Esto se refleja en que la conducta puede verse perturbada, así como también su percepción del entorno o personas que les rodean, provocando una mayor dificultad para su adaptación en la sociedad, sin embargo, llevando un tratamiento farmacológico y/o psicológico adecuado, la mayoría de las personas con discapacidad psíquica pueden desarrollar su vida cotidiana con normalidad.

En general las personas con una u otra discapacidad deben sortear barreras para poder desempeñarse en sus actividades diarias, tanto físicas como sociales o culturales. En el caso de la discapacidad psíquica existe un estigma y prejuicios arraigados en la sociedad que son la mayor limitación para su participación.

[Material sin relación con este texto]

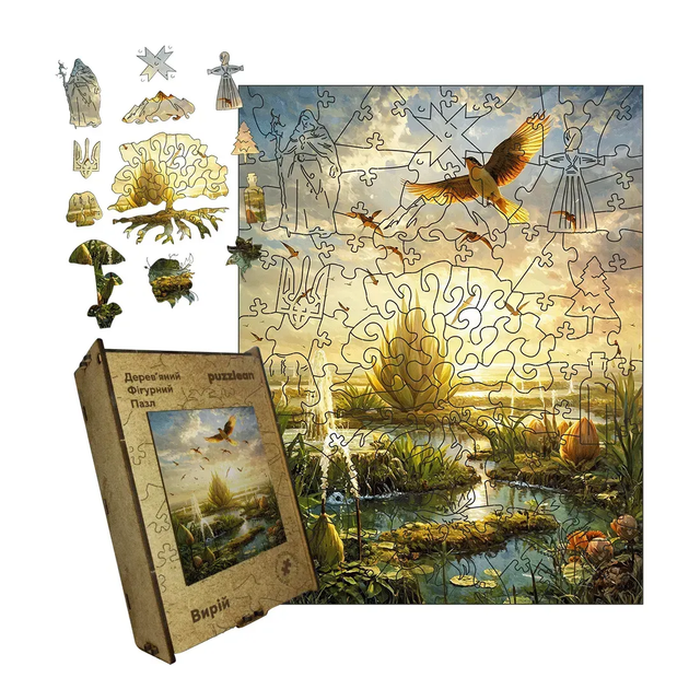 Дерев'яний фігурний пазл Вирій, А1, Дерев'яна коробка 500+ елементів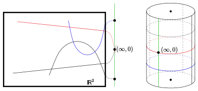 Partiendo nuevamente de y tomando como bloques las curvas con ecuaciones (parábolas y rectas), es efectiva la siguiente homogeneización: se añade a la curva el nuevo punto . Por lo tanto, el conjunto de puntos es . Esta geometría de parábolas se llama plano de Laguerre clásico (originalmente fue diseñado como la geometría de líneas rectas y de circunferencias orientadas, si bien ambas geometrías son isomorfas).

Se suele creer que las personas con esquizofrenia o trastorno bipolar son violentas o que pueden reaccionar de forma agresiva repentinamente, también se tiende a creer que a todas las personas con discapacidad psíquica les costará relacionarse con otros; son muchos los mitos que han surgido en torno a este tipo de diagnósticos, sin embargo, no son ciertos; cuando una persona con una patología psiquiátrica mantiene sus controles médicos y/o psicológicos al día y posee una adherencia a su tratamiento farmacológico, es poco probable que aparezcan crisis, de hecho pueden pasar más de 10 años sin presentar episodios de desregulación.


EN LA PRÁCTICA: LA INCLUSIÓN LABORAL DE PcD Mental-Psíquica


En cuanto a nuestra labor en el área de inclusión laboral, hemos tenido varios procesos exitosos con usuarios con discapacidad psíquica. Lo primordial es llevar a cabo la sensibilización con el equipo de trabajo y jefaturas de la empresa, ya que, a través de esa instancia podemos aclarar dudas, eliminar estigmas y además entregar estrategias y adaptaciones necesarias para que la inclusión pueda llevarse a cabo sin dificultades.


Las personas suelen creer que los usuarios con discapacidad psíquica tienen conductas erráticas, que pueden reaccionar de mala manera frente a situaciones de estrés o incluso tienen cierto miedo a crisis que puedan tener durante el desempeño de sus labores; lo primero es dejar en claro que cuando una persona con una patología psiquiátrica está compensada y sigue su tratamiento, no debería haber dificultades en ese ámbito.


Otro punto importante a abordar tiene que ver con cómo relacionarse con ellos, lo primordial es nunca olvidar que todos somos personas y claramente tenemos características diferentes tengamos o no una discapacidad, en ocasiones debemos explicar que los medicamentos pueden tener algunos efectos secundarios como somnolencia o que su forma de hablar sea un poco más monótona, sin embargo, haciendo esos alcances se evitan dificultades que podrían surgir por desconocimiento.


En este sentido, es importante explicar que, así como una PcD física puede necesitar una adaptación de mobiliario en términos de accesibilidad, o como una PcD visual puede ameritar ciertas ayudas técnicas, las PcD psíquica también pueden requerir adaptaciones como pequeños descansos entre la jornada laboral, o la entrega de tareas de forma parcelada; nunca una adaptación será un privilegio o representará favoritismo, sino que son ajustes necesarios para que todos puedan desempeñarse de la mejor manera en el entorno laboral en igualdad de condiciones, teniendo en cuenta las dificultades que podrían estar asociadas a su discapacidad.


Por último, lo más importante es tener en cuenta que un diagnóstico o discapacidad no define a la persona, todos tenemos talento para desempeñarnos en distintos puestos laborales, por lo que nunca está demás brindar la oportunidad para que alguien pueda demostrar sus habilidades en el mundo laboral.